2 notches up in competitiveness index

wef

Bangladesh has scaled up two places on the Global Competitiveness Index, according to the latest rankings released by the World Economic Forum (WEF) yesterday.

It now ranks 107th among 140 countries, against 109th in 2014-15. But, despite this jump, Bangladesh experienced negative changes in the sub-indices on institutions, financial market sophistication, goods market efficiency, technological readiness and business sophistication.

Switzerland retained the top spot in the latest rankings, followed by Singapore, the US, Germany and Netherlands.

Among South Asian countries, India leads the way at 55th, followed by Sri Lanka (68th, up five), Nepal (100th, up two), Bhutan (105th, down two) and Pakistan (126th, up three).

The report was launched in 140 nations simultaneously and in Dhaka. Centre for Policy Dialogue (CPD) launched the report as a partner institute of WEF.

CPD Executive Director Prof Mustafizur Rahman who joined the event through Skype from Geneva said: “Bangladesh needs to run rather than walking for faring well in competitiveness.”

“Though the score increased, the country did not make breakthrough in efficiency, productivity and labour market,” he said.

He suggested that Bangladesh needs infrastructural development, reforms and enabling environment in public administration to graduate into an upper middle-income country from its current lower-middle income status.

The WEF report attributes the jump in Bangladesh’s ranking to better performance in basic requirements but at the cost of weakening “efficiency enhancers”.

The Global Competitiveness Index is an annual assessment to gauge the factors driving productivity and prosperity across 140 countries.

It measures a country’s performance on 12 pillars – institutions, infrastructure, macroeconomic environment, heath and primary education, higher education and training, goods market efficiency, labour market efficiency, financial market development, technological readiness, market size, business sophistication and innovation.

The World Bank’s ease-of-doing-business survey published early this year ranks Bangladesh at 173rd.

The latest WEF rankings shows Bangladesh’s institutions are judged not favourably (ranked 132nd against 131st in 2014-15).

The report says performance in efficiency enhancers declined two places to 105th in ranking.

A big improvement was seen in the country’s macroeconomic stability through the past year, with its ranking jumping 23 places to 49th in 2015-16. Part of this could reflect the recent moderation in inflation and the fall in the current account deficit.

On infrastructure, the ranking moved up four notches. Now, it ranks 123rd on the quality of railroad infrastructure.

But on other key parameters, it fares poorly, ranking 113rd on the quality of roads and 120th on electricity supply. Ground and water transport networks have further worsened.

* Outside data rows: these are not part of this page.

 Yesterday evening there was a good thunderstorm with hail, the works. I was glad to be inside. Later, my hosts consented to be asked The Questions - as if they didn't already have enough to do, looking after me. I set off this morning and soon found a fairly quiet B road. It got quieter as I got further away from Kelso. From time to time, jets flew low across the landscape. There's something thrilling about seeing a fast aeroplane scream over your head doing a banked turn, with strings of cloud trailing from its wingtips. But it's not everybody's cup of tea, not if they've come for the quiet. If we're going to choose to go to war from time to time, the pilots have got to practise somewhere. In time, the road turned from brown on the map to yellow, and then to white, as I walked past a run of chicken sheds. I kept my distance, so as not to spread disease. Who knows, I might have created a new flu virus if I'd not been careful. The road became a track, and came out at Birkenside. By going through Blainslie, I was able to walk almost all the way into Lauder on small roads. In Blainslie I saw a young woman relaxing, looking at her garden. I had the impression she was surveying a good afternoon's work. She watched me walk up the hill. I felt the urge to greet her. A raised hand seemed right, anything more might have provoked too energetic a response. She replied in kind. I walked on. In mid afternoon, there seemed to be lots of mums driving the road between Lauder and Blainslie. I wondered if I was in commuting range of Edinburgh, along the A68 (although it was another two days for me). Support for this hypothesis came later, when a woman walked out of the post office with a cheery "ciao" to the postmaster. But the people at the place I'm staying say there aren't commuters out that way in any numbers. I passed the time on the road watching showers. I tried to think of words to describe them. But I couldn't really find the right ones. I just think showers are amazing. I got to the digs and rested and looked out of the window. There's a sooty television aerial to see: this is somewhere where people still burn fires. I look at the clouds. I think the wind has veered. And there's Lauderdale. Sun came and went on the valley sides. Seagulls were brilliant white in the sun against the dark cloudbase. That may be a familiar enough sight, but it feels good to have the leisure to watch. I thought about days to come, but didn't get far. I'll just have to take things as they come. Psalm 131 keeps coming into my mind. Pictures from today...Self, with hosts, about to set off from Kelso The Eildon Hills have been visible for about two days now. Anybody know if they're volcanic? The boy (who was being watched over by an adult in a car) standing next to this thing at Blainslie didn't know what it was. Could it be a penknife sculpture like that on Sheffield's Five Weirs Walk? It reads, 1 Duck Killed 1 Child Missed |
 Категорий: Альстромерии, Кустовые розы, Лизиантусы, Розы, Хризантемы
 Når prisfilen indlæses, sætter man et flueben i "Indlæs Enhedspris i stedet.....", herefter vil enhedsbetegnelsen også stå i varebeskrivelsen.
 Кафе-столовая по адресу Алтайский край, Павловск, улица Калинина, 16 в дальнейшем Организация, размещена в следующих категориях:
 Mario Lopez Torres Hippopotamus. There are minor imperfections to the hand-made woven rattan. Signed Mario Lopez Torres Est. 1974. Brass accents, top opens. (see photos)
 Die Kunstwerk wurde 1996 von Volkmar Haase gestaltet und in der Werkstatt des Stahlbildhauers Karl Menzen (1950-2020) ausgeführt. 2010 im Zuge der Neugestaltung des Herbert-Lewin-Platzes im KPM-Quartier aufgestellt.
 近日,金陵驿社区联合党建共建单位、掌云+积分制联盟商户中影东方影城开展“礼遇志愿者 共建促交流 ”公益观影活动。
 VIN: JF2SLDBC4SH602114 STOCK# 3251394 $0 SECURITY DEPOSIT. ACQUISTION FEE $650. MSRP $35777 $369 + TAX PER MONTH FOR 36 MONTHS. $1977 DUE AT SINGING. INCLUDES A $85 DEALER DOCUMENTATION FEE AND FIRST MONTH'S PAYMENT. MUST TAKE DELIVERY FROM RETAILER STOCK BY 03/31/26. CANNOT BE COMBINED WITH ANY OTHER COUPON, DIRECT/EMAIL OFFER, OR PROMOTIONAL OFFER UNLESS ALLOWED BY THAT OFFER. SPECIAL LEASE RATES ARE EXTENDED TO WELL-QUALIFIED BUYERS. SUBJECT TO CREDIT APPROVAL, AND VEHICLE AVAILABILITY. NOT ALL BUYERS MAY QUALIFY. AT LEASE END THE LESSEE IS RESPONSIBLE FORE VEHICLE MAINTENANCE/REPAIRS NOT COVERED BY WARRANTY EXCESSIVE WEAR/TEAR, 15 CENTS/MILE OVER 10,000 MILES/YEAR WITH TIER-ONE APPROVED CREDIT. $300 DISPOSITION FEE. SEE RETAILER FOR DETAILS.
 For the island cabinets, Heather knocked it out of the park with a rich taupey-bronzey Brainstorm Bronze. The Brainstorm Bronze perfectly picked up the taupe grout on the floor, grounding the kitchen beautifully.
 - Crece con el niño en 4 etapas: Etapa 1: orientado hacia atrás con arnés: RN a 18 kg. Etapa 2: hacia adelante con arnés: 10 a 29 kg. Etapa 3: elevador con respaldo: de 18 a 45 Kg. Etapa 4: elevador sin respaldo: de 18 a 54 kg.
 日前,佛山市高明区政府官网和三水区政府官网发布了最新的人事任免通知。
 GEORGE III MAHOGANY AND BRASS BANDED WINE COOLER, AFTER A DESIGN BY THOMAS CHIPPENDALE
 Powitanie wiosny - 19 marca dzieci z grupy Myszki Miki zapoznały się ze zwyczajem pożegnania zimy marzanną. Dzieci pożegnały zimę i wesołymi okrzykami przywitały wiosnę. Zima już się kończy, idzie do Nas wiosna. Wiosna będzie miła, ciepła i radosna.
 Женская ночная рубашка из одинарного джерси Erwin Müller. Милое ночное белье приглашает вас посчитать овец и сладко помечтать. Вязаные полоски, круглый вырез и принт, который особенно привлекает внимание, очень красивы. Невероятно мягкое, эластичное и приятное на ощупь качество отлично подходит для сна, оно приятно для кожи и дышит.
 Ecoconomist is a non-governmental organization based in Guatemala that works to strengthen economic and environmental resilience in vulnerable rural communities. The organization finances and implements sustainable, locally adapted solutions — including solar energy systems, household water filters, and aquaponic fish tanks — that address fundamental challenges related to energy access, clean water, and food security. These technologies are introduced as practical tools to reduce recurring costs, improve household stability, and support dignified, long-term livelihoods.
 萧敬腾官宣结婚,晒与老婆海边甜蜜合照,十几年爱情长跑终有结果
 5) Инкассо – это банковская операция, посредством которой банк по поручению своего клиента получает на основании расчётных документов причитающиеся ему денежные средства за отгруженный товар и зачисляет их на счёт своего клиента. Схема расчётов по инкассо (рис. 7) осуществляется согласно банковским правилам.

About governance, the report says the governance-related issues have remained unchanged and even deteriorated with 68% respondents believing that the parliament is ineffective as law-making institution, and 96% believe that politicians maintain poor ethical standards.

Health and primary education is seen as an area of improvement, with Bangladesh’s ranking jumping 1 place to 101st.

On innovation, Bangladesh ranks 127th from 129th in 2014-15.

The report lists corruption, instability of the government, higher tax, poor work ethic and complexity of tax regulations, access to financing, government instability and inadequate supply of infrastructure as the top concerns in terms of doing business in India.

According to an analysis of Bangladesh’s Business Environment in 2015, most Bangladeshi entrepreneurs have identified energy price shock, underdeveloped infrastructure and weak governance as the foremost risks for doing business in Bangladesh within the next 10 years.